Rick met Kendall’s moist gaze and his heart twisted with understanding. He hadn’t expected to connect with her on any level, especially not on the emotional one he normally walled off. He was surprised he understood this stranger, this woman, so well. “I’m sorry about your aunt.” He hadn’t said so earlier and meant to.

“Thanks.” Her voice held a rough timbre. “Same with your dad.”

He nodded. She and Crystal had obviously shared a special relationship. Family bonding was something else Rick could relate to. The Chandlers were closer than most, bonded by shared memories, both good and bad. With Kendall’s pain both new and raw, he found himself wanting to be the one to ease her anguish—and not because to serve and protect was in his job description.

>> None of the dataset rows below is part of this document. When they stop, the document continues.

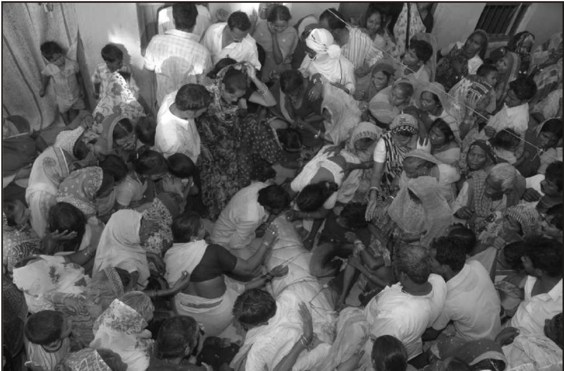
i k&VekV&e ds ckn cgknj I kudj dk 'ko l k& us l s vkuk&dkuh dh tk jgh Fkh] cM& t&ktstgn ds ckn i f&yl dh xkM& ea gh 'ko yukus dh btktr nh x; hA xkM& ds vanj o ckgj ek&st&w i fjtuka dks i f&yl us i hV&KA bl c&jgeh l s gr; k v&js ml ds ckn i f&yl dk , d k jo&S k v&st&h g&per dh ; kn fnykrh g&A

l drk g&Stc oscg&tu l ekt i kVhZ dks ok&V u na v&js t gk&t gkaj k"Vh; v&e; {k} MKND mfnr jkt ds us&Ro ea b&M; u tflVI i kVhZ ds i R; k'kh ppko yM+ jgs g&S ogka ru&eu&eku l s l g; kx n&A l Ei w&kz ekeys dh
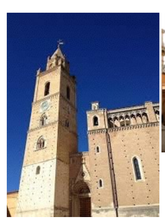
Some shots from the city centre
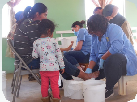
A little one watching her Mom receive loving foot care.
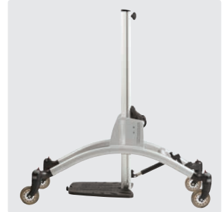
Size 4: Silver

He swallowed a groan. He’d been down this road once before and received a punch in the gut for his efforts. “Once you got light-headed, didn’t it dawn on you to call for help?” He directed them back to the problem at hand.

She tipped her head to the side. “Such a simple solution. Gee, why hadn’t I thought of that?”

He chuckled. “Too weak, huh?”

“Something like that. Help me?”

Her wide eyes got to him and he couldn’t resist her plea. “Where’s the best place to start?”

“Back buttons.” She hung her head forward, the pinkish red strands brushing against the stark white dress. When she felt better, he’d have to remember to ask her about the hair color, not that it mattered. He liked her anyway. And here he thought he preferred blondes,
though he had to admit he hadn’t a clue what her real hair color was beneath the pink sheen.

He reached for the first pearlized button when the intimacy of the act struck him. He stood in the small bathroom undoing a bride’s dress. No memories rose to suffocate him since he and Jillian had eloped, Rick in uniform, Jillian in a maternity dress. At this point he was long over the hurt and way past the love. Last Rick had heard, Jillian and her husband were happily married with three kids, living in California. Done, gone, and forgotten except for the lessons learned, Rick thought.